Donald Trump, holding his first campaign rally Saturday since surviving an assassination attempt, dismissed concerns that he is a threat to democracy, triumphantly telling a cheering crowd stating, “Last week I took a bullet for democracy.”

“I’m not an extremist at all,” he continued at the rally in swing state of Michigan, dismissing his reported links to Project 2025, a radical shadow manifesto led by figures close to him that has been characterized by opponents as an authoritarian, right-wing wish list.

And he mocked the rival Democratic Party, roiled by unprecedented pressure for President Joe Biden to abandon the White House race amid concerns over his age and fitness to serve, if reelected, until 2029.

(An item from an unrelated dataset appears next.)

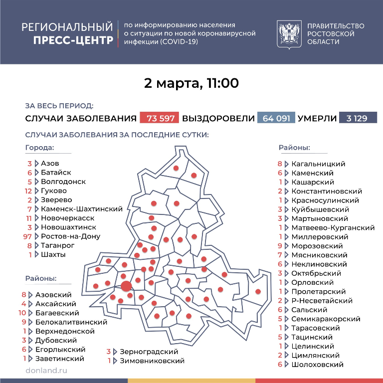 Новые инфицированные зарегистрированы в 44 городах и районах региона. Больше всего в Ростове-на-Дону (97), Гукове (12) и Новочеркасске (11).

“They have no idea who their candidate is… This guy goes and he gets the votes, and now they want to take it away. That’s democracy,” Trump told the 12,000-strong crowd of passionate supporters.

Even as he veered into his typical, rambling campaign speech, the rally represented a moment remarkable by any measure, with Trump back on stage exactly one week since a gunman tried to kill him.

The Republican presidential nominee appeared wearing a new, smaller, flesh-colored bandage over his right ear, bloodied in the attack by a 20-year-old gunman at a rally in Pennsylvania that killed one bystander.

Security was reportedly tight inside the Van Andel Arena in Grand Rapids, Michigan, amid questions over Secret Service lapses at the Pennsylvania rally — though there were few visible signs of any greater law enforcement presence.

Meanwhile, Biden loyalists continued to defend the embattled president as the drumbeat of calls for him to abandon his campaign grows louder.

The 81-year-old and his team have remained publicly adamant that he is staying in the race, though some reports suggest discussions have begun in his inner circle about how exactly he might step aside.